Malawian-South African actor

Eugene Khumbanyiwa is a Malawian and South African stage, television, film and voice actor, popularly known for playing the role of Obesandjo in the 2009 Oscar nominated sci-fi hit District 9.

==Career==

He started his acting career as an extra in the 2004 Oscar-nominated Hotel Rwanda, starring Don Cheadle and Sophie Okonedo, playing one of the hotel staff members. After that he worked sporadically, hustling his way in the film industry by appearing in TV commercials and prime-time soaps like Generations, Scandal, and also had a role in South African independently produced hit film Gangster's Paradise: Jerusalema before landing a role as an underground warlord in the Peter Jackson-produced and Neill Blomkamp-directed four-times Oscar-nominated sci-fi hit District 9 Upon gaining critical acclaim for his performance in District 9, he attracted new international attention and even appeared in an American TV commercial for a famous cyber fraud security product called 'Identity Guard.'.
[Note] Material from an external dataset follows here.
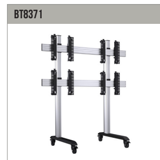
BT8371 Universal Mobile Videowall Stand for Videowalls

He went on to feature in Hollywood movies like Death Race 3: Inferno, alongside stars like Danny Trejo and Luke Goss, also appeared in Chappie starring Sharlto Copley, Hugh Jackman, Dev Patel and Sigourney Weaver. He teamed up with director Blomkamp again and Sigourney Weaver playing lead role Amir the saviour in a short sci-fi film called Rakka. Khumbanyiwa has appeared in three of Hollywood director Neill Blomkamp's films.

He played Pastor Peter in a two time BAFTA-winner Damilola, Our Loved Boy, a British television film about the events surrounding the 27 November 2000 death of Damilola Taylor. The film aired on BBC One on 7 November 2016, and was written by Levi David Addai, directed by Euros Lyn, and starred Babou Ceesay and Wunmi Mosaku. He also appeared in the critically acclaimed US TV miniseries The Looming Tower, directed by Alex Gibney which premiered on Hulu on February 28, 2018, starring Jeff Daniels and Peter Sarsgaard, based on Lawrence Wright's 2006 book of the same name. He played a Kenyan security guard at the US Embassy in Nairobi who survived the embassy bombing and became a crucial witness.

He has over 25 screen acting credits to his name. He does voices for both TV and radio. His voice work credits include the prestigious Africa Cup of Nations (AFCON2013) soccer tournament's "hello" radio ads campaign for the City of Johannesburg.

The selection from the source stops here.